In the long term, however, we need to figure out just what our road network in Forest Grove and vicinity needs to look like. While the term “urban highway” has been thrown about quite a bit, I don’t believe Forest Grove needs Highway 47 to turn into another Highway 8. We need a highway that can safely sustain higher speeds, allowing for mobility in and out of Forest Grove. Business and industry that would otherwise consider our city see us as being difficult to reach, and out of the way.  It’s because our road network is so poorly connected with the rest of the region, and does not reflect current travel patterns. Especially given the fact that ODOT and Washington County seem to be willing to spend a considerable chunk of change on the problematic multi-roundabout solution, it is possible they may be up for reallocating this funding toward a real solution, such as a modest interchange, which, as the city grows, is going to be a better long-term investment than expensive roundabouts that may need to be torn out. Where that improvement would be situated is something that would need to be examined, and coordinated with efforts to improve our severely lacking east-west connectivity, such as the proposed Evergreen Road extension, which I believe should be a top priority for western Washington County.

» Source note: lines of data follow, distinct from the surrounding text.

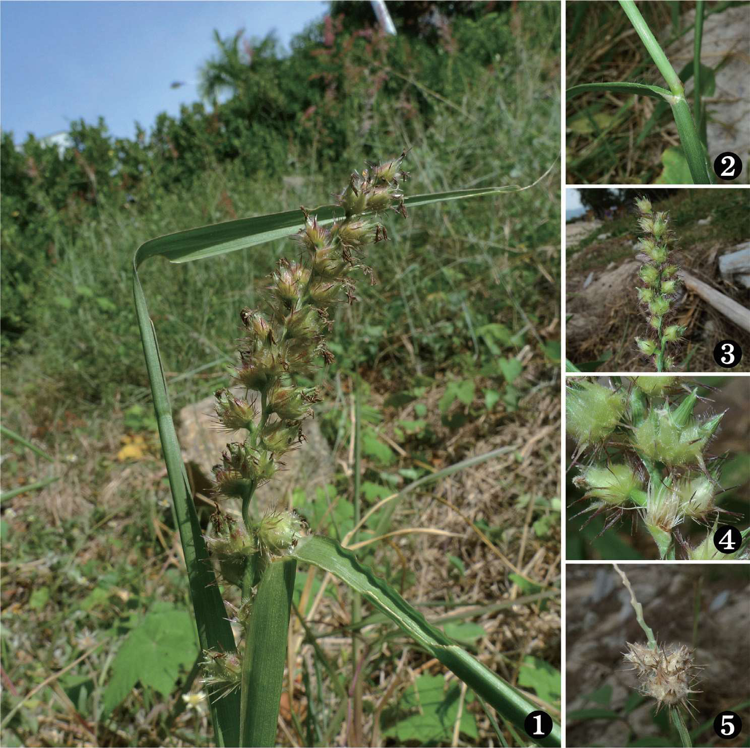 1. 一年生草本,生于农田、路边、荒地;2. 叶鞘松弛,压扁状具脊,叶舌短小,叶片狭长披针形,质较软;3. 总状花序直立;4. 刺苞扁圆球形,背部具较密的细毛和长绵毛,裂片于中部稍下处连合,基部收缩呈楔形,总梗密具短毛,刚毛在刺苞上轮状着生;5. 果实成熟后脱落。
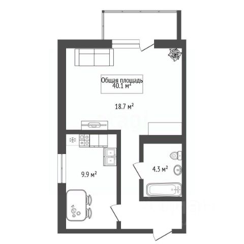 - Общая площадь 40.1 м2
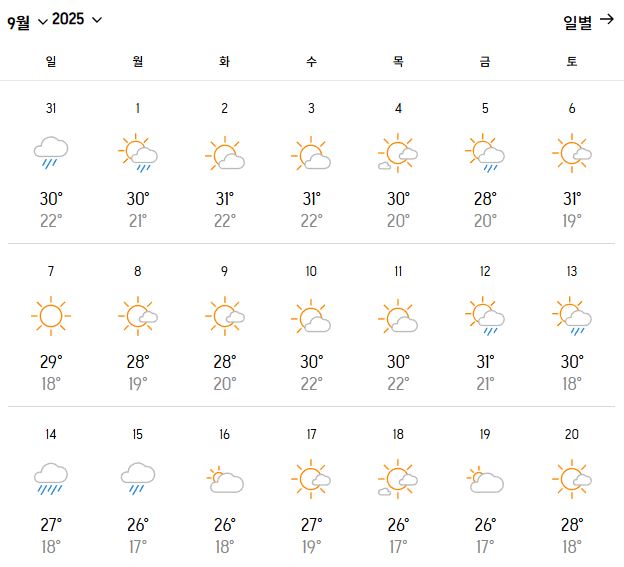 | 9월 제주 날씨 총정리|기온, 비, 일교차, 여행 옷차림까지 (0) | 2025.08.10 |
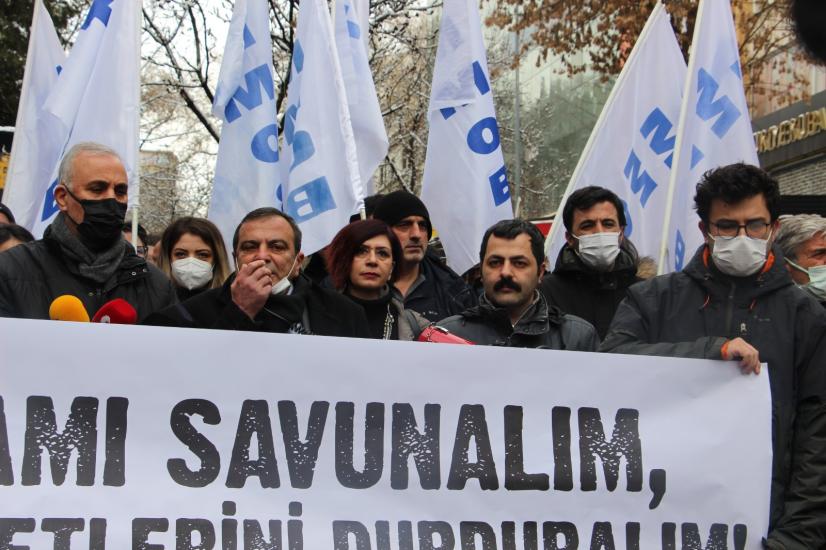 Koramaz`ın konuşmasının ardından açıklamayı TMMOB Ankara İKK Sekreteri Özgür Topçu okudu. Topçu, " Emeğe ve emekçiye düşman olan bu sistem sermayenin sınırsız sömürü düzenin bir sonucudur. Taşeronlaştırma, özelleştirme, sendikasızlaştırma, denetimsizlik, esnek istihdam politikaları, kayıt dışı çalışmaya izin veren politikalar ve bunun sonucu oluşturulan mevzuat ile sorunlu bir sistem üretmiştir. İş cinayetlerini seyrederek olan biteni kadere, fıtrata bağlayan açıklamalar yapan siyasi iktidar bu sistemi korumak üzere yoğun çaba sarf etmektedir," dedi.
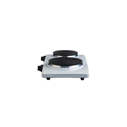 "Elektrický vařič se dvěma plotýnkami 185mm a 155mm topné desky. Plynulá regulace ohřevu. Světelná signalizace ohřevu. Ochrana proti přehřátí Napájení: 220 - 240V~ 50/60Hz, 2 500 W".
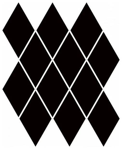Ten produkt to duża mozaika gresowa, wykonana w formie układu rombów o wymiarach pojedynczego elementu 20,6x23,7 cm. Układ geometryczny jest wyraźny i uporządkowany, co nadaje powierzchni nowoczesny, ale również prosty i estetyczny charakter. Czarna barwa rombów stanowi stonowaną bazę, która wprowadza do wnętrza kontrast i wyrazistość. To klasyczne połączenie formy i koloru może dopasować się do różnych aranżacji, zwłaszcza tych, gdzie liczy się wyraźna, ale nie przesadna dekoracja ściany czy podłogi.
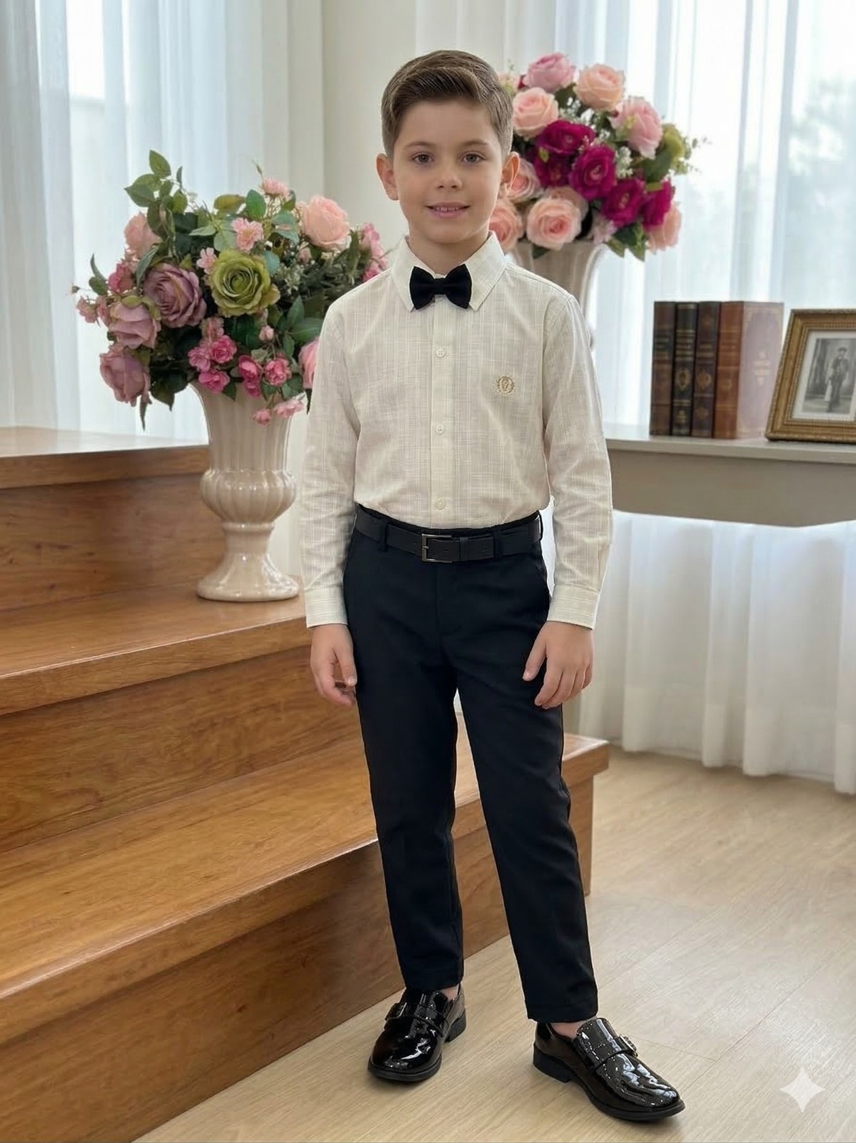 Um conjunto sofisticado e moderno, perfeito para ocasiões especiais. A combinação da camisa com a calça social cria um visual elegante, ideal para deixar os pequenos ainda mais estilosos em eventos importantes.
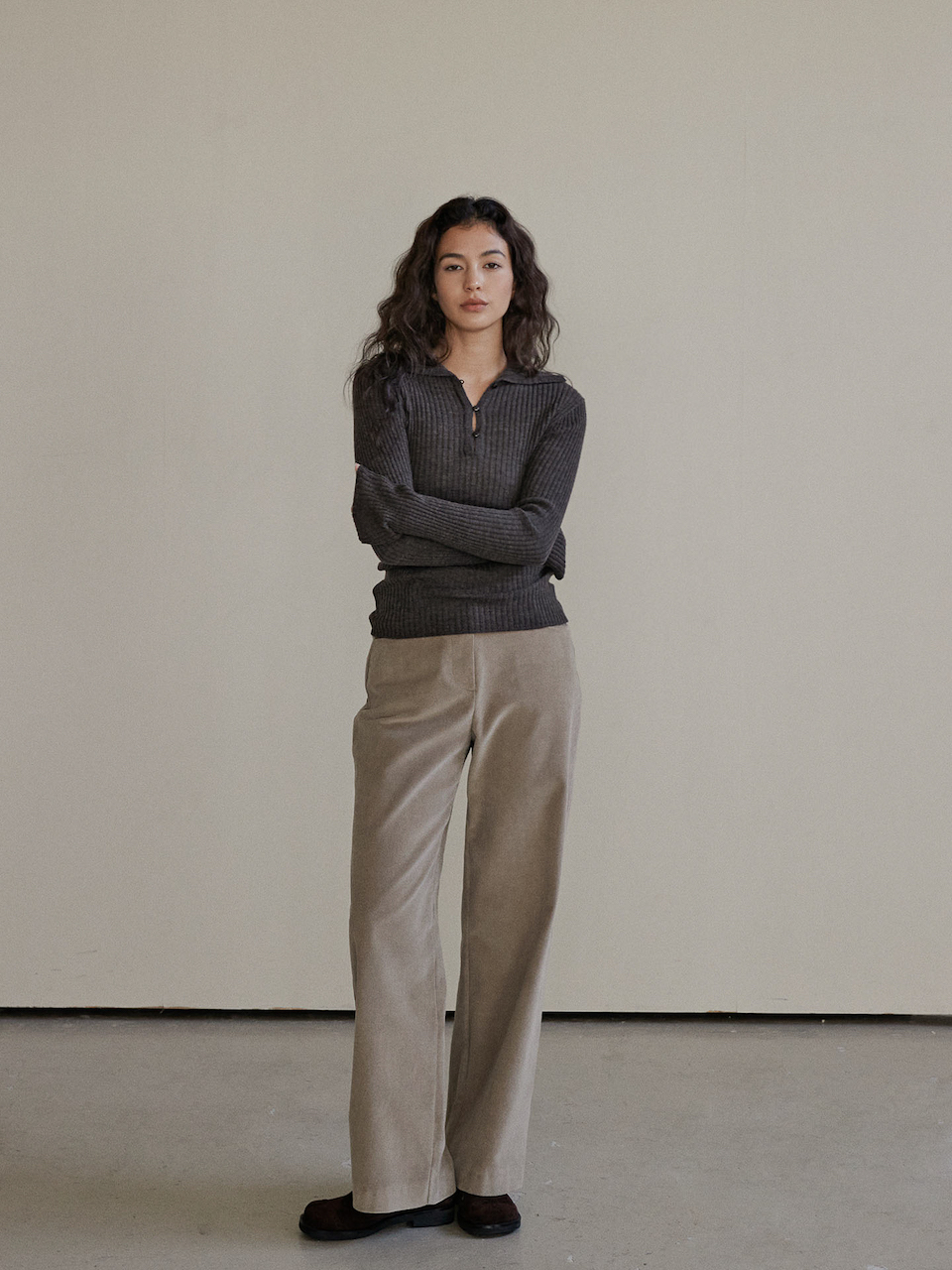 CORDUROY SNAP PANTS_BEIGE
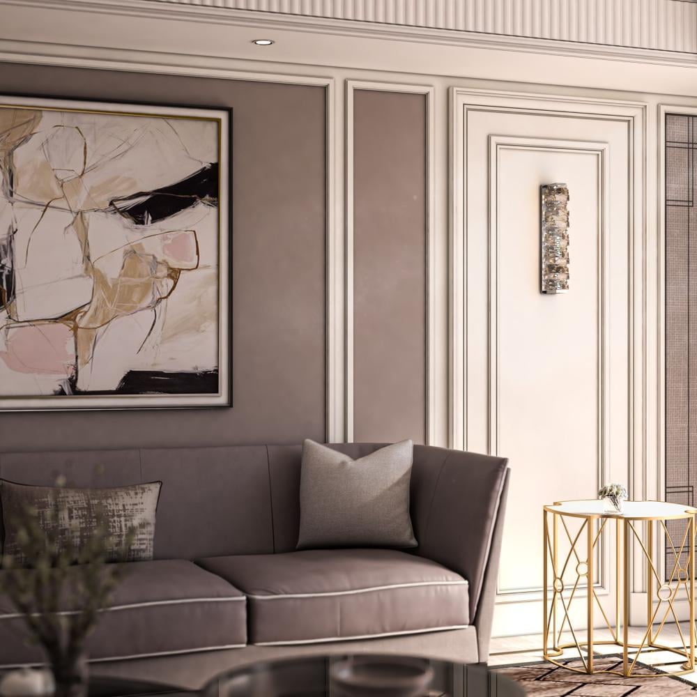 التصميم النيو كلاسيكي من الإنارة الجدارية يمتاز بدرجات إضاءة مختلفة من اللون الأصفر، والكريمي، والأبيض لخلق أجواءًا ديكورية مميزة مع كفاءة تشغيل تدوم لساعات طويلة.
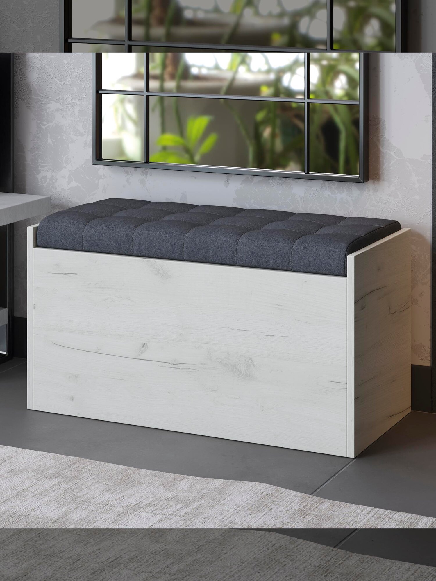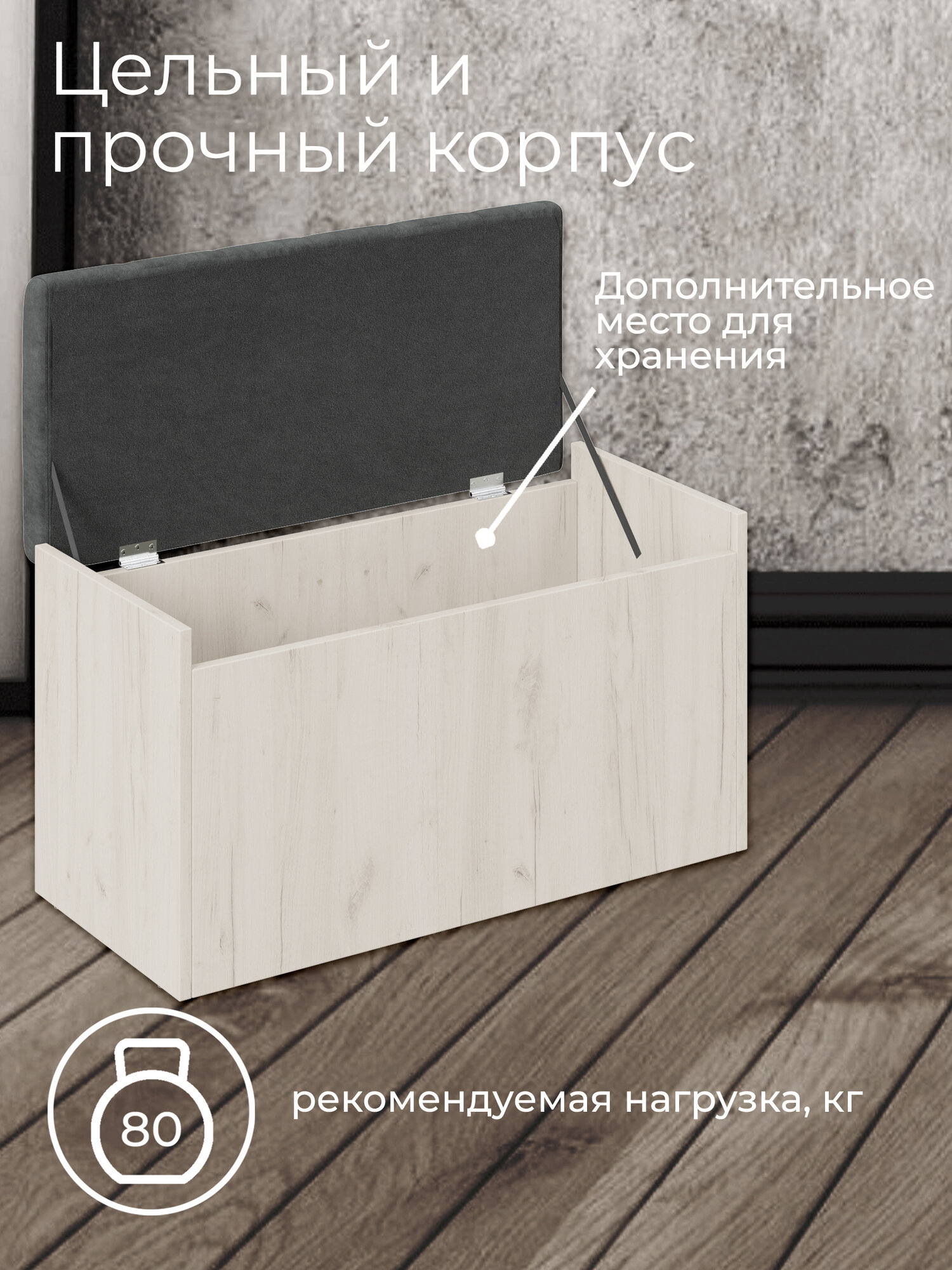 Пуф с крышкой, прямоугольный, ТриЯ "Форест", дуб крафт белый/серый информация:
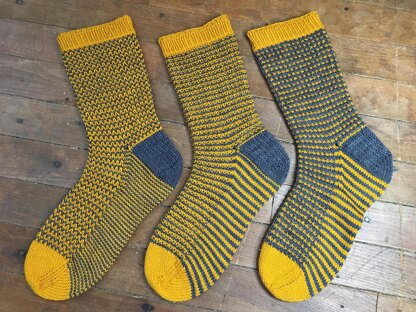 One stitch pattern. Two colors of yarn. Three different looks. The four-row pattern is simple to knit (only one color is used at a time) and by playing with color placement you can create three different socks that are the same, but different. Perfect for creating coordinating pairs of socks without being completely matchy-matchy!
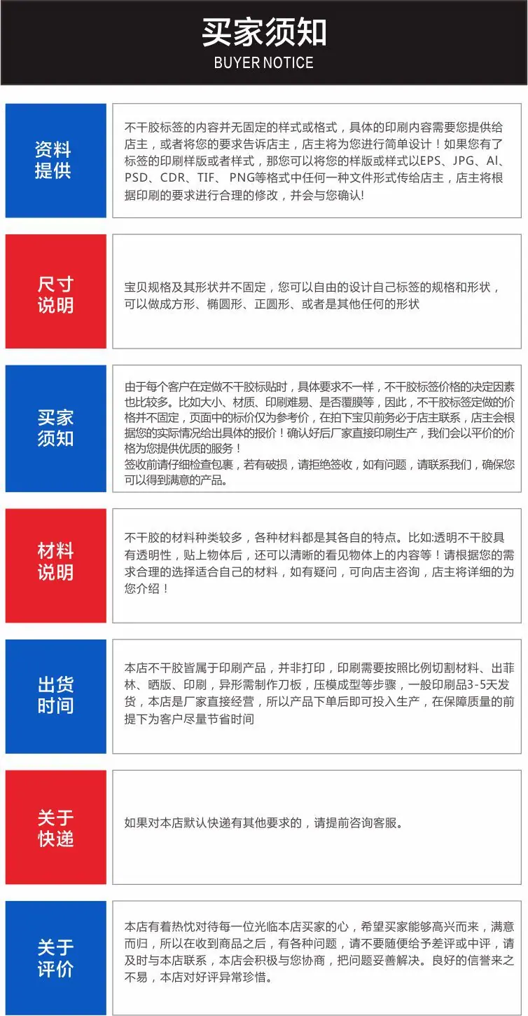 Querido/a, ¡gracias por tu confianza y apoyo! Recordatorio sincero para envío gratuito:impresosEnvío gratuito nacionalEl área esNo incluye Tíbet, Xinjiang, Gansu, Mongolia Interior, Qinghai, Hainan, Hong Kong, Macao, Taiwán y otras provincias. ¡El tamaño del adhesivo se puede personalizar arbitrariamente, consulte al servicio de atención al cliente para obtener más detalles!
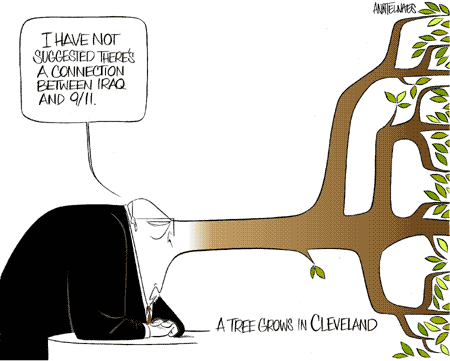 | 中新網(wǎng)10月10日電 10月5日,在美國(guó)俄亥俄州的克利夫蘭市,現(xiàn)任副總統(tǒng)切尼與民主黨人愛(ài)德華茲進(jìn)行了一場(chǎng)激烈辯論。在唇槍舌劍的過(guò)程中,切尼公然聲稱,他從未說(shuō)過(guò)伊拉克與911事件有關(guān)——事實(shí)上,認(rèn)為伊拉克與911事件存在聯(lián)系是切尼這幾年一直掛在嘴邊的說(shuō)辭。童話中曾說(shuō),撒謊的人會(huì)長(zhǎng)出大鼻子。(來(lái)源:法國(guó)際報(bào)刊)
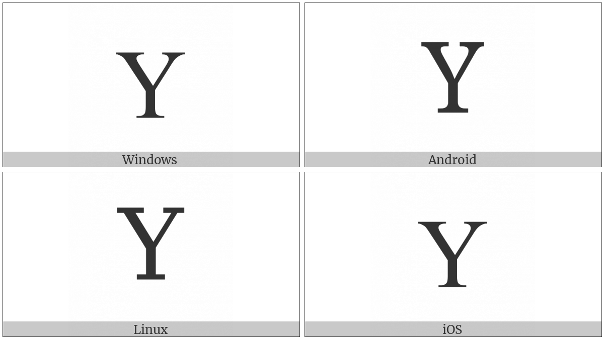 The image below shows how the “Greek Capital Letter Upsilon” symbol might look like on different operating systems. If the font in which this web site is displayed does not contain the symbol and there is no fallback font able to render it, you can use the image below to get an idea of what it should look like.
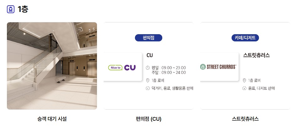 • 1층: CU 편의점, 츄러스 전문점, 대기실
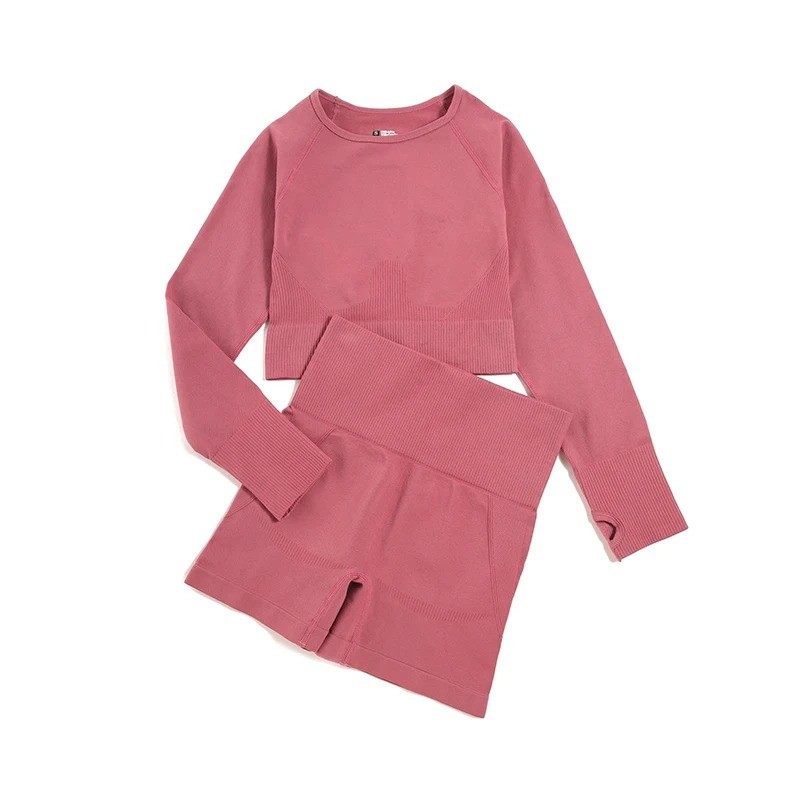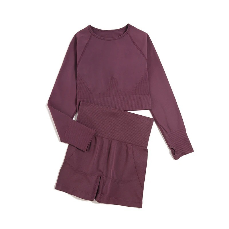 Dámská sportovní souprava Kraťasy a triko s dlouhým rukávem Jednobarevná fitness souprava z nylonu

In summary, here is my stance with respect to Highway 47:

  • Roundabouts—especially two or more of them—are not viable solutions. The Astoria roundabout statistics seem to show a significant downside of putting multi-lane roundabouts on high-volume freight routes like Highway 47.
  • The Verboort/Purdin and future David Hill intersections should be signalized in the interim, as should the Fern Hill/Maple intersection on the south end, while a more comprehensive solution is determined.
  • That comprehensive solution for the highway needs to prioritize both mobility and safety, and needs to tie in with plans for improved east-west connectivity, making Forest Grove easier to reach from the rest of the region, and increasing our shot at becoming something more than a moribund bedroom community.

-Alexander

1 ping

  1. More troubling statistics on Oregon’s dual-lane roundabouts » Alexander LaFollett | Local Commentary, Forest Grove

    […] announced one at the Verboort/Purdin intersection, and, confirming the information I broke here, a second one where Highway 47 will meet the new David Hill Road […]

Comments have been disabled.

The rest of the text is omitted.